Social media, especially in the midst of this global pandemic, where kids are spending a lot of time on social media and on online forums, is dangerous. Traffickers are exploiting children online at alarming rates currently, for sex, grooming them to believe that they are having actual relationships with people. PARENTS, YOU NEED TO HELP KEEP YOUR KIDS SAFE!

We know for a fact that there are thousands of people out in the world who are taking advantage of kids online at this time, regardless of their age, location, gender and looks. Sit down with your kids and go through the following:

Red flags of a pimp on social media are:

Easily jealous
Vague about their job
Controlling
Violent
Promises are “too good to be true”
Always knows ways to make a lot of money
Flashes money
Encourages sexual photos
Encourages dancing for money
Encourages meeting or sending photos for money
Projects financial responsibility
Demanding about sex

Pimps can pose on social media but can also be posing as a professional, boyfriend or friend.

What to do if you see these red flags?

1. Tell an adult – tell your parent(s), teacher or school counsellor immediately.

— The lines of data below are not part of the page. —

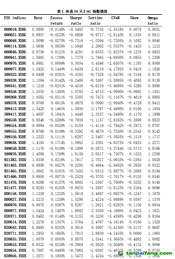 為比較不同指數(shù)篩選方法對指數(shù)投資績效的不同,需要去除基準(zhǔn)指數(shù)作為樣本空間帶來的影響,因此本文將基準(zhǔn)指數(shù)(部分指數(shù)樣本空間為全部A股,對此,本文選擇使用上證指數(shù)作為基準(zhǔn);其中全收益指數(shù)的基準(zhǔn)指數(shù)也選用全收益指數(shù))的日收益率作為當(dāng)日無風(fēng)險(xiǎn)收益率。本文所選擇的50只ESG指數(shù)和基準(zhǔn)指數(shù)行情都可以用米筐平臺(ricequant)的接口調(diào)用獲取,研究行情數(shù)據(jù)均來源于米筐平臺(下文所有的數(shù)據(jù)表中指數(shù)代碼均為米筐接口代碼)。 本%文$內(nèi)-容-來-自;中_國_碳|排 放_交-易^網(wǎng)^t an pa i fang . c om
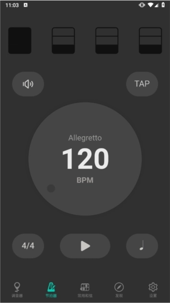 节拍器:主要功能是提供稳定的节奏节拍,辅助用户在练习过程中把握节奏感并进行速度控制。
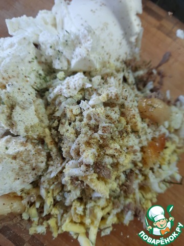 Данную намазку можно подавать на крекерах, на гренками из тёмного или белого хлеба, ей можно фаршировать яйца...

2. Call your national human trafficking or domestic abuse helpline:

UK National Domestic Abuse Helpline: 0808 2000 247
UK National Modern Slavery Helpline: 08000 121 700

US National Domestic Abuse Helpline: 800-799-7233
US National Human Trafficking Helpline: 888-3737-888

3. If it is urgent call the police.

Ages: 13+

If you have managed to uphold these open, honest, respectful and healthy conversations about sex with your kids, then it is going to give them confidence and comfort to come to you as parents and talk to you about sex. Being able to talk to your parents about sex in your teenage years, which is crucial, is beyond helpful. Having the support, the respect and honesty between parent and child is the most valuable aspect of teenage life.

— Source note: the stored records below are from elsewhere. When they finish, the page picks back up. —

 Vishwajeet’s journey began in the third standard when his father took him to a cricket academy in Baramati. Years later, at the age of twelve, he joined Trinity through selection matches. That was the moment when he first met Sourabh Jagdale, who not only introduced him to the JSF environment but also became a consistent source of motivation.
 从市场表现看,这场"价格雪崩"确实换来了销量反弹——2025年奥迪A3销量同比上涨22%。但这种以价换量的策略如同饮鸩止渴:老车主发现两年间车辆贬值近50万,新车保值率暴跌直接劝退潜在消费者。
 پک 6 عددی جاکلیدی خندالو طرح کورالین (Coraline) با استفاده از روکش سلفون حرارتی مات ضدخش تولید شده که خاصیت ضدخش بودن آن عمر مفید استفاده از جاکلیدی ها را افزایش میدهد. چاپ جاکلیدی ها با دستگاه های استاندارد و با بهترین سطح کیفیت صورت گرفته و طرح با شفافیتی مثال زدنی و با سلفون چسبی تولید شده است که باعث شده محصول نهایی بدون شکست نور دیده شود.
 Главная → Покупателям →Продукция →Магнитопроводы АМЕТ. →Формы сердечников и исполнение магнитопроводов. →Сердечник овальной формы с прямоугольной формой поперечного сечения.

But my first tip is to avoid lectures and make conversations about sex brief, engaging and fun even. It is really important to talk to your children at this time about contraception and its importance – especially when it comes to talking about consent.

Consent is VITAL! It is a two-way street. Flirting or clothing is not consent. No means no, regardless! Ultimately, you want to empower them about making the right, safe and respectful decisions.

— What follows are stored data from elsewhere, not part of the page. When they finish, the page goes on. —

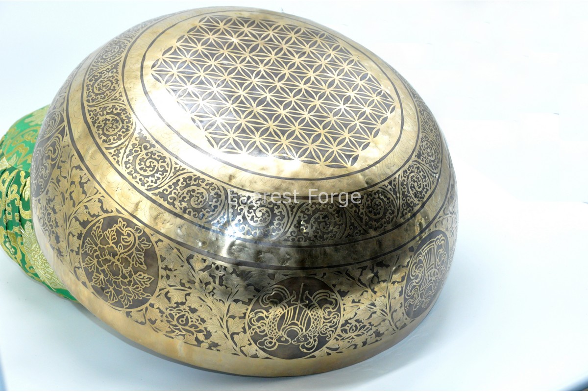 Large Seed of Life Mandala Singing Bowl – Tibetan Mantra – Flower of Life – Handmade in Nepal
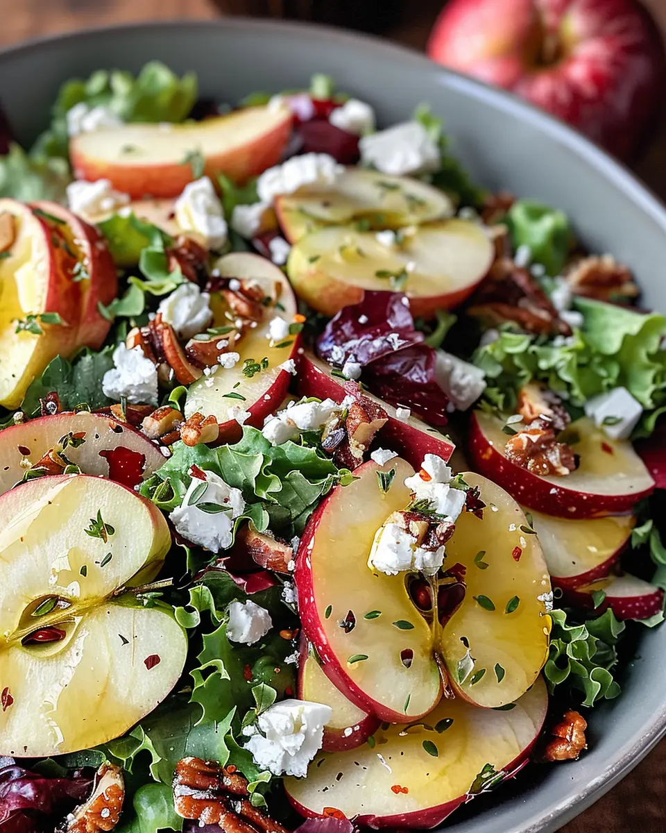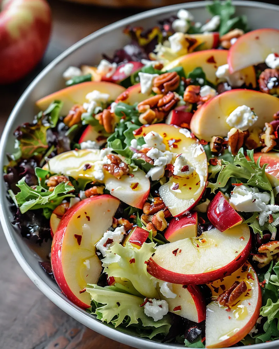 - In a large bowl, combine mixed greens, sliced apples, crumbled feta, walnuts, and red onion.
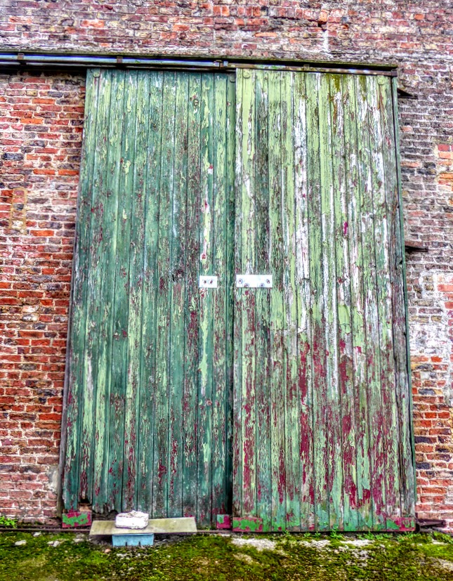 Rectangular: lots of rectangles here, from bricks to planks to the battered doors themselves – afarm door near Staveley, North Yorkshire.
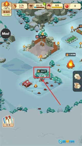 1、处于【-10℃】环境,木材当前【3.7k】,点击【Lv.1】建筑推进【任务】,维持资源与设施的发展节奏。
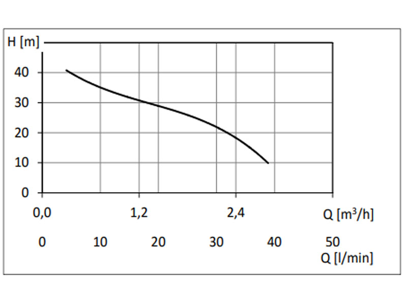 ulkohalkaisija ∅40 mm). Jos putken pituus on 20-50 m, pumpun todellinen kapasiteetti ja veden nostokorkeus pienenevät huomattavasti. Kaikissa tapauksissa, joissa
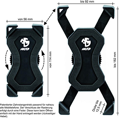 Variable Grossenanpassung durch patentierten Zahnstangentrieb fur Smartphone, Handys mit den Breiten 56-92 mm, Langen 114-182 mm z.B. alle iPhones und Samsung Gerate. Stufenlose Montage durch Zahntrieb, auch passend mit Ihrer eigenen Schutzhulle bis 12,5 mm Dicke.
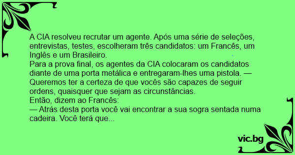 Ao Inglês deram as mesmas instruções. Ele pegou a arma entrou na sala e após cinco minutos regressou com lágrimas nos olhos. — Tentei mas não posso matar a minha sogra.

At this time, especially with boys, you want to try to get them to use gender inclusive language and to teach them to stop objectifying women. This can all be done through teaching them the reality of the porn industry.

Pornography, even major sites such as Pornhub are exploiting underage children and giving children a false reality of life in the bedroom. Parents – you have to make it clear to your kids, especially at an age where they feel the need to pleasure themselves, that porn is a lie.

Teach them that sex is something to enjoy. That respect and consent in the bedroom is something that should be held in the utmost regard. Sex is something that someone should feel pressured into doing. Wait till you are ready to have sex, whether that be at the age of 19, 20, 30, after marriage or never!

Ensure that your kids know about STDs and how despite the importance of acting responsibly, STD is not a bad term and that they shouldn’t be afraid to talk about it. Likewise, teach them to never condemn those who may have tested positive for one. We need to encourage kids to get tested, not shame those who may have one.

I hope that this guide or series of tips will help you start conversations around sex in your household. Your kids are never too young to start their journey about learning about respect, consent, sexuality and more. These healthy, open, honest and engaging conversations you have with your kids about sex will pave the way for them to grow up to be decent, righteous and moral human beings.